Jusqu’au 22 septembre, le Jeu de Paume présente l’exposition Mille et un passages. Une rétrospective de l’œuvre de Sally Mann qui couvre près de 40 ans de photographie. Une réflexion sur la condition humaine et l’existence.
Sally Mann née en 1951 à Lexington, en Virginie (États-Unis). Sa terre natale est au cœur du travail de la photographe. À travers une centaine d’images, dont une large partie n’a jamais été montrée, Sally Mann raconte le sud profond par différents chemins. De l’intime à la grande Histoire, l’exposition Mille et un passages présentée au Jeu de Paume propose une œuvre à la fois puissante et provocante.
Partant de ses expériences personnelles et de son environnement proche Sally Mann convoque des thématiques universelles qui transcendent les frontières. Dans une scénographie en cinq temps, l’exposition engage le visiteur dans une réflexion : la mort, l’identité, la filiation et la mémoire. Cette rétrospective, unique étape européenne, sonde ainsi des grandes questions de l’existence.
Les cicatrices du passé
La première salle consacrée à l’exposition réunit les photographies que l’artiste a réalisées de ses enfants. Capturés à la chambre, ces clichés évoquent l’insouciance de la jeunesse et le naturel d’une vie à la campagne. Ces images qui semblent prises sur le vif ont été en réalité minutieusement préparées. La photographe s’est parfois assurée de la complicité de ses deux filles et de son fils pour réaliser des mises en scène qui traduisent le regard des adultes sur l’enfance. Cette série conçue entre 1985 et 1994 a suscité de vifs débats. L’apparition d’enfants nus choqua une frange du public. Certaines expositions personnelles de l’artiste ont été alors annulées, voire vandalisées.

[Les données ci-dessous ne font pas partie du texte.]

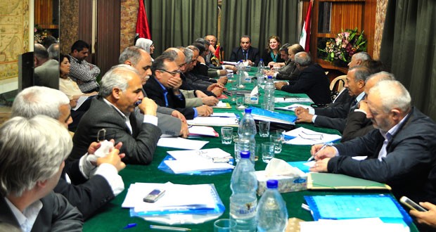طالب أعضاء مجلس نقابة المهندسين الزراعيين ومجلس خزانة التقاعد ورؤساء فروع النقابة بالمحافظات خلال اجتماع عقد بمقر النقابة اليوم بتأمين مستلزمات الإنتاج وتخفيض أسعارها وتوفير مادة المازوت للحصادات للتمكن من حصاد محصولي القمح والشعير وتسويق محصول الحمضيات وتيسير عملية نقل محصول الحبوب للصوامع.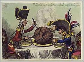 This exhibition offered a rare opportunity to view a large number of Gillray's major works. It also provided examples of his working methods through original sketches and annotated preparatory drawings. There were also oil paper tracings that Gillray used to transfer his drawings to plates. Virtually all of Gillray's best-known works were on display: Very Slippy Weather, Presages of the Millenium, John Bull Taking a Luncheon, The Plumb-pudding in danger, Sin, Death and the Devil, Tiddy-Doll, the Great French Gingerbread-Baker (shown with a preparatory sketch) and many more. All but one of the works were from hand-colored editions that dealers offered to their wealthier customers during Gillray's lifetime. The selection provided an excellent overview of Gillray's satirical brilliance. Each print was accompanied by text written by the exhibition curator, Roberta Wadell that clearly articulated the historical and political context of the work. A rare correspondence written by Gillray in 1800 offered a glimpse into his personality and the complications that could emerge in his business dealings. At the time, Gillray had been commissioned to illustrate Poetry of the Anti-Jacobin but was forbidden to include personal caricatures. In this letter, Gillray refused to let his editor see the work until it was finished. Ultimately, the dispute led to the end of Gillray's involvement with the publication and the destruction of his plates. There was more to be appreciated in this exhibit than could be absorbed in a single visit, but an important aspect of Gillray's work that wasn't emphasized through the prints was his skill as a draftsman and engraver. While the hand-coloring can make Gillray's prints interesting decorative objects, it tends to obscure much of the detail and make the aquatints look muddy. In The Apotheosis of Hoche, for example, the landscape and multitude of figures at the bottom of the print are all but obscured by a heavy application of red paint. The black and white version of Begging No Robbery has a beautiful spatial quality (created by variations in the thickness of line) that is all but flattened in the color version. Gillray's flamboyant linework and meticulous rendering techniques express his obsessive and visionary nature. These qualities are most visible in the black and white editions of his prints, only two of which were on display in the exhibit. Although most of the linework suffers from the coloring, a few prints have details that are enhanced. The diaphanous fabric of ci-devant Occupations is nicely rendered by it's elegant coloring and The Union Club, while losing some of the chaotic frivolity of the black and white edition, is boldly illuminated with blues and reds. Most prints were painted by women who followed guides created by Gillray, but some versions show dramatic variations. The Library's collection includes two versions of Monstrous Craws (one of which is included in this exhibit) that demonstrate how colorists applied different techniques. The works on display present a broad overview of Gillray's work, yet it represents a mere 16% of the Tilden Gillray collection. While the opportunity presented itself, the organizers declined the chance to present the floor-to-ceiling style of installation that was found in early 19th century caricature exhibitions. As a result, the experience for the viewer was satisfying without being oversaturating. Even after viewing the more than 160 works on display, it was possible to leave the exhibit wanting more — and that's one the best indications of a well-crafted exhibit. While it's probably impossible for a single exhibition to encapsulate all of the historical, political, and esthetic layers of significance that can be found in Gillray's work, this exhibit captured most of them. The Library's Print Department has made an important contribution to Gillray's legacy and, thanks to the online version of the exhibit, has created one of the best Gillray references on the Internet. David Donihue |

Cette proximité, la photographe américaine l’a déployée en photographiant les paysages environnant sa propriété puis des espaces plus lointains. Par ce biais, elle a voulu montrer que la terre conserve les cicatrices du passé. Elle explique sa démarche : « Le lieu et l’histoire étant donnés, il m’appartenait de trouver les métaphores : ces signes cryptés dans le paysage du Sud, dont la signification s’est plus ou moins perdue ». Les surfaces meurtries et l’intime, la photographe les a retrouvés dans ses dernières images où elle tournera son objectif sur le corps de Larry, son mari, atteint de dystrophie musculaire.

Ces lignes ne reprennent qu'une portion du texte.